The big day has finally arrived. We finally get to see Taroko Gorge and a hiking tour with Hualien Outdoors. I like that they were responsive when I talked to them via email. They gave a very detailed itinerary of the tour so I reserved a slot for my friend and I for a personalized tour of Hualien. They picked us up at our hotel, had breakfast and went straight to the Taroko Gorge visitors center to get our names registered. We had to bring our passports with us to verify our identity. We had to do a few stops at checkpoints before we started our hike. Researching further, they can only allow 60 people in the trail regulated by the Ecological Protection Area. The hike itself is hard with some areas that are narrow, steep and slippery with a chance of rockfall. It’s more rough than the hike I’ve had in the Great Wall and at Katoomba but the complexity is less compared to the Great Wall. You’ll go through a steep climb up, the first few kilometers of the hike which will make your heart pumping. Relative to the hike to the Great Wall this is the 2nd hardest hike I’ve had, the trail is about 6.2km long. The easiest part of the hike is going through the rope bridges. We had a quick break at the end of the trail, having fruits and nuts.

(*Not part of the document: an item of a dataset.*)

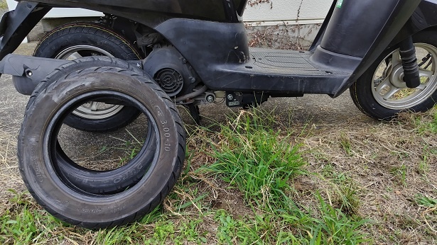 埼玉 川越市ディオのタイヤ交換:出かけ先でのパンクでした、タイヤミゾはまだありましたが古そうなタイヤでしたのでご相談の上交換となりました。

Lunch was generous with fruits, nuts, eggs and bread. We also had hot tea which was a treat. Peter (our tour guide from Hualien Outdoors) did a great job touring us around. Later that night we went back to Ginsman cause it seems to be the only place to get proper drinks.
Since the weather is not so great, we decided to head back to Taipei early and exchange our booked return tickets to an earlier train ride so we can spend more time in Taipei before I get back to Manila. I reached out to friends early in the day so we can have dinner somewhere. My friend Maggie, thought it was a great idea to have dinner at the original Din Tai Fung in Xin Yi since I’m also craving for Xiao Long Bao. We left our stuff in a hotel in Xin Yi and still managed to get to Chiang Kai Shek Memorial hall and beers at Zhang Men Brewing. It was a delightful dinner, the finale was the truffle xiao long bao. It was delicious.
The best part of the trip for me is the company. I like going to different places alone but it’s always a pleasure meeting new people and friends. It makes the trip worthwhile.